А тот не услышал — он пытался оторвать от себя вцепившегося в его шею мальчика. Наконец удалось поставить его на землю, но теперь мальчик вцепился в ногу Григория Аверьяновича и горько заплакал.
Соня тоже припала к Григорию Аверьяновичу и тоже заплакала.
— Возьмите нас к себе, — попросила она. — Мы будем слушаться и делать всё, что вы скажете.
Петя стоял в стороне, втянув голову в плечи, прижав руки к груди.
— Куда, куда я вас возьму? У меня здесь нет дома, у меня здесь койка в общежитии, я сегодня здесь, а завтра в другом месте. Я скоро на фронт ухожу. Успокойтесь, успокойтесь, — смятённо повторял Григорий Аверьянович. — Всё будет хорошо, вот увидите. Найдутся родители. Ну, будьте молодцами. Я не могу взять вас к себе, у меня нет дома, — повторял он.

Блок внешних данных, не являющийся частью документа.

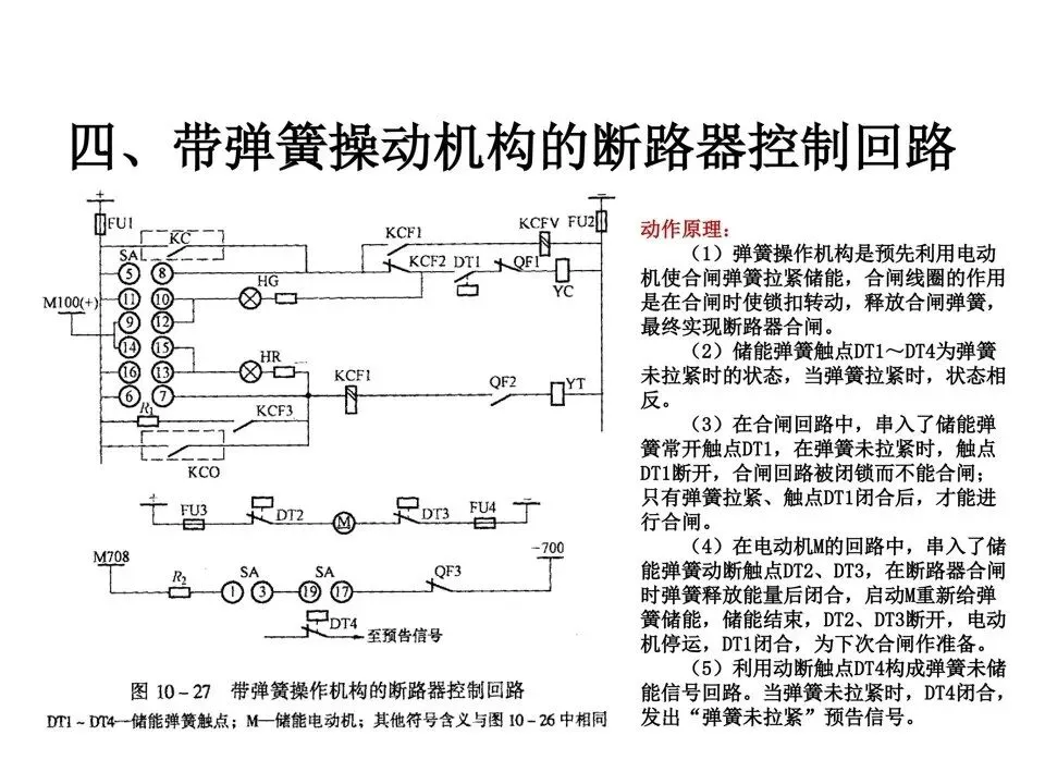 (4)在电动机M的回路中,串入了储能弹簧动断触点DT2、DT3,在断路器合闸时弹簧释放能量后闭合,启动M重新给弹簧储能,储能结束,DT2、DT3断开,电动机停运,DT1闭合,为下次合闸作准备。(5)利用动断触点DT4构成弹簧未储能信号回路。当弹簧未拉紧时,DT4闭合,发出“弹簧未拉紧”预告信号。

Женщина подошла к ним, вперила в Петю ледяной взгляд.
— Имя? Фамилия? Возраст? Имена-отчества родителей?
Петя ответил.
— Имя? Фамилия? Возраст? Имена-отчества родителей? —. спросила женщина у Сони.
Её голос, неподвижное лицо с ярко накрашенными губами не нравились Соне, она щекой ощущала жёсткое пальто Григория Аверьяновича и молчала.

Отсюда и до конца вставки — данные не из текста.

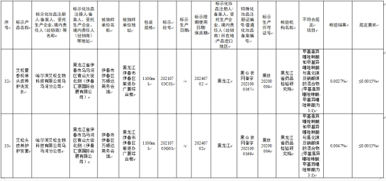 标示哈尔滨艾松生物科技有限公司乌马河分公司生产的艾松夏季松林头皮养护洗发水、艾松头皮养护护发素,不符合规定项目均为甲基氯异噻唑啉酮和甲基异噻唑啉酮与氯化镁及硝酸镁的混合物(甲基氯异噻唑啉酮:甲基异噻唑啉酮为3:1),其检验结果分别为0.0027%、0.0047%,规定要求均为≤0.0015%,检验机构均为黑龙江省药品检验研究院。

— Как же мы найдём твою маму, если не будем знать её имени? — склонился к Соне Григорий Аверьянович. И обернулся к женщине. — Неужели нельзя помягче? — сказал тихо, внятно. — Горе у детей, понимать надо.
— Их много, а я одна, — громко отвечала женщина. — У всех горе. У меня тоже горе. Вы же не жалеете меня!
— Они — маленькие, — сказал Григорий Аверьянович. — Им помощь нужна.
В этот момент резко затормозил около них грузовик, и Соня поняла: сейчас произойдёт что-то непоправимое, что-то страшное, их с Петей и мальчиком погрузят и увезут от поезда, от мамы, от дедушки, от Григория Аверьяновича. Соня изо всех сил вцепилась в него.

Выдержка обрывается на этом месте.